# Activity
The output should be the listing below, limited to the lines from the one with "Биогумус - удобрение" through the one with "前回と同じ、一汁三菜の薬膳御", exact and without pictures.

# Material provided
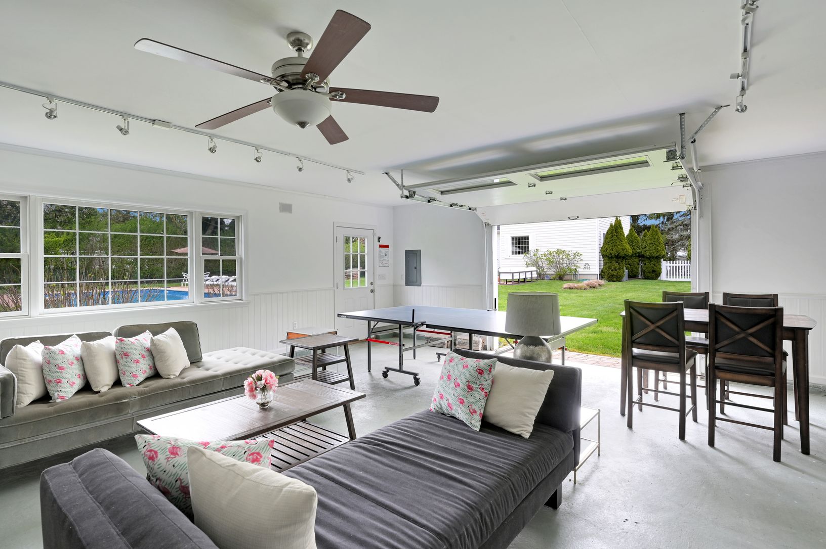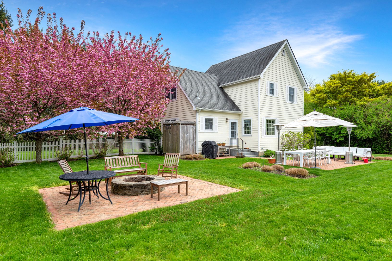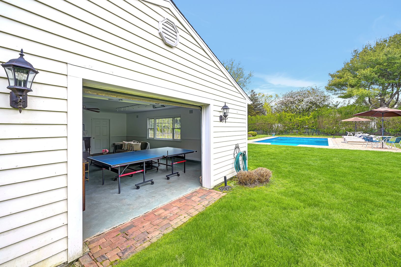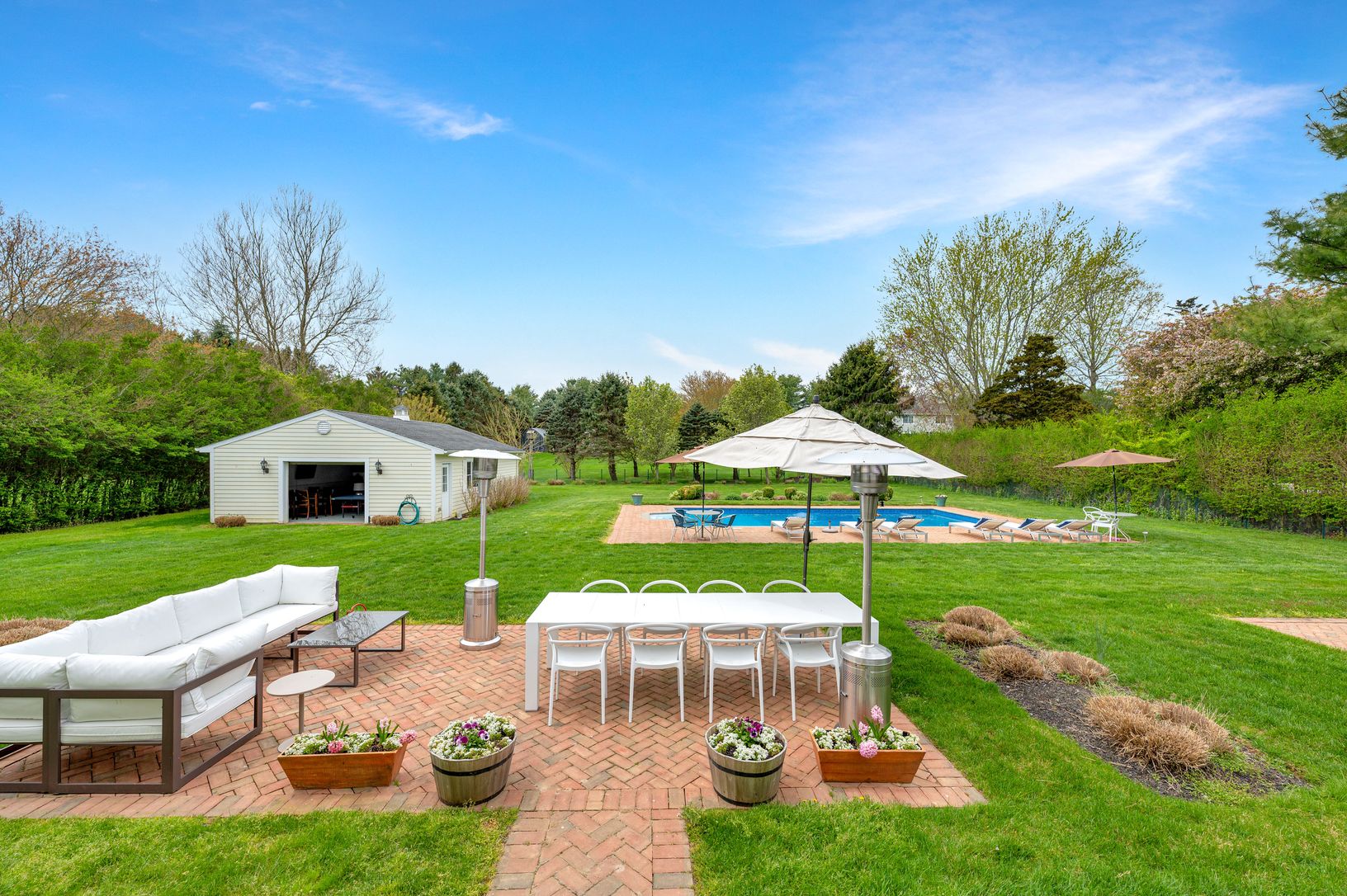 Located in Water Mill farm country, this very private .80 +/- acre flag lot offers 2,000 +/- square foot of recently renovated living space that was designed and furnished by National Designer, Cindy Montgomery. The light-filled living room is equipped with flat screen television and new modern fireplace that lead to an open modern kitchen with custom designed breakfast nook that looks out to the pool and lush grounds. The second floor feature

...

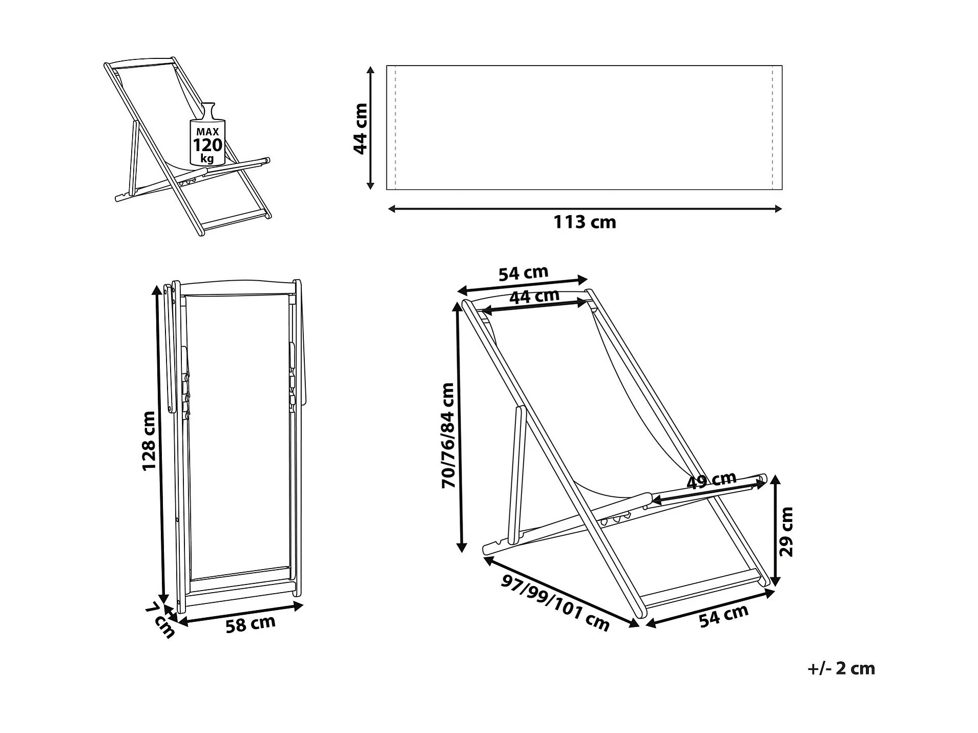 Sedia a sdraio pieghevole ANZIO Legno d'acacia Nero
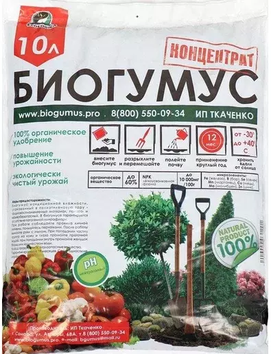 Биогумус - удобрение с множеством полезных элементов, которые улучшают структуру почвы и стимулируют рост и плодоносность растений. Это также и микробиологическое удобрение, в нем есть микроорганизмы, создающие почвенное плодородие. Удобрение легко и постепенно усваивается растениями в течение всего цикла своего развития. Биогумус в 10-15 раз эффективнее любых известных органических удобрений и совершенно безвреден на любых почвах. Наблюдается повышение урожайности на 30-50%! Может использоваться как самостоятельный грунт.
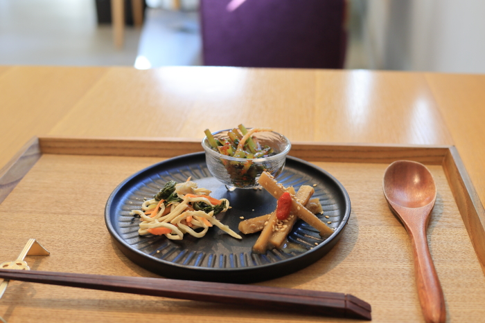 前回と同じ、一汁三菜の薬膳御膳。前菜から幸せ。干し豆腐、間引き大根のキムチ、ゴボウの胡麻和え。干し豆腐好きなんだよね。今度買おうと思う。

# Solution
 Биогумус - удобрение с множеством полезных элементов, которые улучшают структуру почвы и стимулируют рост и плодоносность растений. Это также и микробиологическое удобрение, в нем есть микроорганизмы, создающие почвенное плодородие. Удобрение легко и постепенно усваивается растениями в течение всего цикла своего развития. Биогумус в 10-15 раз эффективнее любых известных органических удобрений и совершенно безвреден на любых почвах. Наблюдается повышение урожайности на 30-50%! Может использоваться как самостоятельный грунт.
 前回と同じ、一汁三菜の薬膳御膳。前菜から幸せ。干し豆腐、間引き大根のキムチ、ゴボウの胡麻和え。干し豆腐好きなんだよね。今度買おうと思う。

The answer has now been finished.